An important point about Ross is that the company has very few stores in the Northeast. In fact, they’re just getting starting in the Midwest. They’re mostly found in the Sunbelt states like Florida, California and Texas. The company has lots of room to grow in other parts of the country.
Let’s look at Ross’s guidance. The company sees full-year earnings of $4.60 to $4.80 per share. It’s early, but the $4.60 per share for the low end is a joke. Ross will easily beat that. They’ll probably top $4.80 per share as well, but that’s a tougher hurdle.
Ross also said they see fiscal Q1 earnings coming in between $1.21 and $1.26 per share. They’ll beat that too, but the question is, by how much? I’m expecting earnings around $1.30 per share, give or take. I think we’ll also see Ross raise the low-end of its guidance to something a little more realistic, but I understand why they wanted to start off with a conservative range.

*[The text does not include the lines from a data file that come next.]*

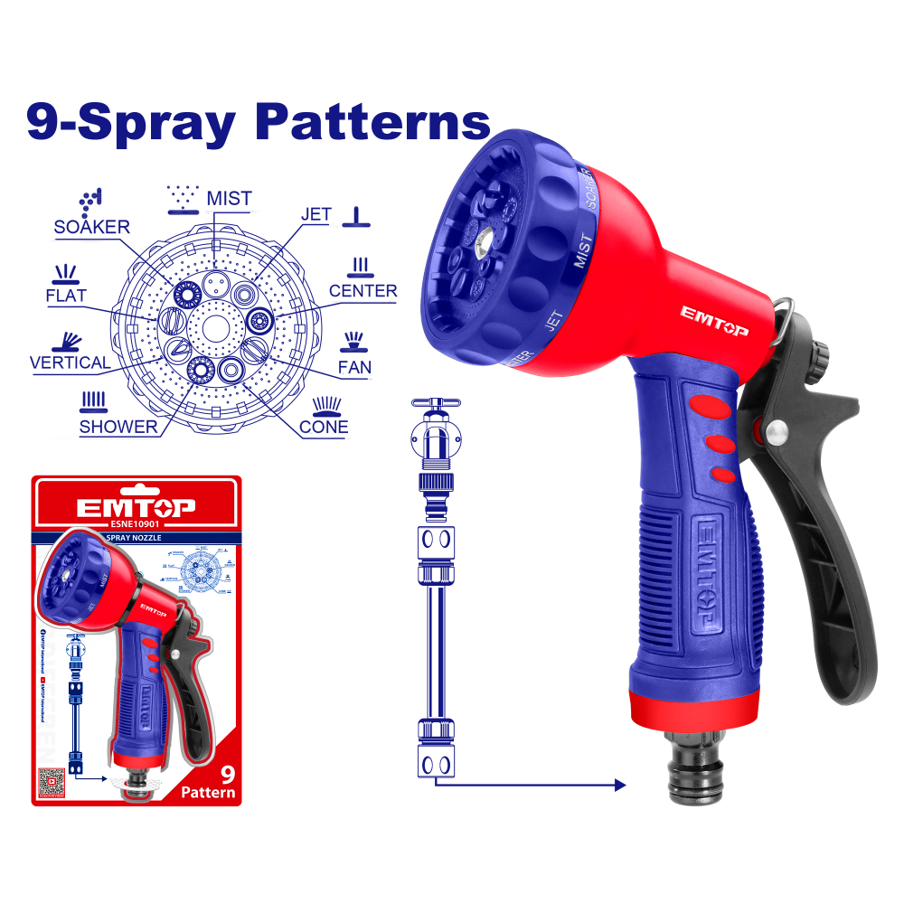 EMTOP πιστόλι ποτίσματος με 9 λειτουργίες ψεκασμού (ντους, γωνία, κέντρο, ανεμιστήρας, κώνος, τζετ, ομίχλη, μούσκεμα, επίπεδο).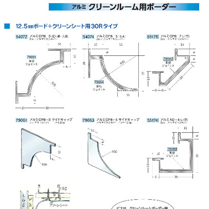アルミ製クリーンルーム用ボーダー(12.5mmボード+クリーンシート用30Rタイプ) CPB(廻り縁・入隅・巾木・出隅・サイドキャップ) アルマイトシルバー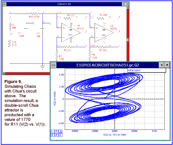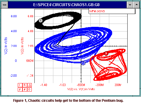 As a test we ran two simulations of Chuas circuit on a Pentium and a 486; one using the coprocessor and one using coprocessor emulation. (ISSPICE4 contains a coprocessor emulation mode.) If the results from the two 486 runs were the same, but different on the Pentium, the bug might be the cause. Unfortunately, all four answers were different. Revealing that the math libraries used to compile ISSPICE4 had just as much effect on the initial conditions as the platform.
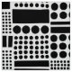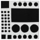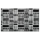An original hand drawn abstract pattern design made up of arrangements of dots in a variety of sizes interspersed with solid rectangles and lines. This pattern uses a vector graphic so can be made larger or smaller. The background colour can also be customised.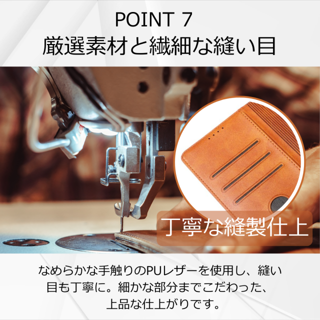 外側は高級感のあるPUレザー、内側は衝撃をやわらげるTPU素材を採用し、大切な端末をしっかり保護します。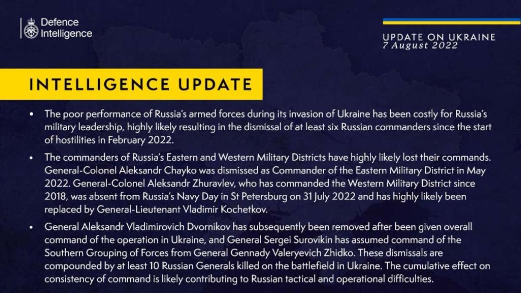 «Эти увольнения усугубляются тем, что на поле боя в Украине погибли по меньшей мере 10 российских генералов. Совокупное влияние на согласованность командования, вероятно, усугубляет тактические и оперативные проблемы России», - отмечают эксперты в британской разведке.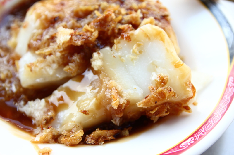 白嫩嫩的粿淋上甜膩的醬油膏,再撒上大量的油蔥酥,看起來賞心悅目,本來以為粿是熱的,沒想到竟然是涼的。

Wabtec Raises Dividend by 33%
Wabtec (WAB) is one of our quieter stocks, but it’s been making some very good news lately. Three weeks ago, the company beat earnings by four cents per share. They also raised their full-year guidance. The shares soared to a new all-time high.
Last week, I highlighted new government regulations that help Wabtec’s electronically controlled pneumatic brakes for trains. The shares jumped more than 6% on the news.
Then on Wednesday, Wabtec announced that it’s raising its dividend by 33%. The quarterly dividend will rise from six cents to eight cents per share. The new dividend rate will be payable initially on August 31 to shareholders of record August 17.
Truthfully, Wabtec pays out a small dividend. The company said it expects full-year earnings to range between $4.05 and $4.10 per share. (That’s probably too low, but we’ll work it.) That means that Wabtec’s full-year dividend of 32 cents per share is less than 8% of their earnings. The payout ratio for the S&P 500 is currently running about 33%.
Still, a higher dividend is a sign of faith from management. Raymond T. Betler, the head honcho, said “Based on our current financial performance and future outlook, the company has ample financial strength to invest in growth opportunities and to return a greater portion of our cash flow to shareholders. We intend to continue to review our policies periodically based on Wabtec’s ongoing performance and growth prospects.”
Based on Thursday’s close, WAB now yields 0.32%. Hey, it’s still more than a one-year Treasury. I rate Wabtec a buy any time you see it below $103 per share.
That’s all for now. There won’t be a newsletter next week. I’m going to get an early jump on the Memorial Day weekend. Don’t worry. I’ll cover our two Buy List earnings reports on the blog. Also, on Wednesday, the Fed will release the minutes from their last meeting. Expect traders to carefully scrutinize it for any clues about when interest rates will rise. I’ll be back in two weeks with more market analysis for you in the next issue of CWS Market Review!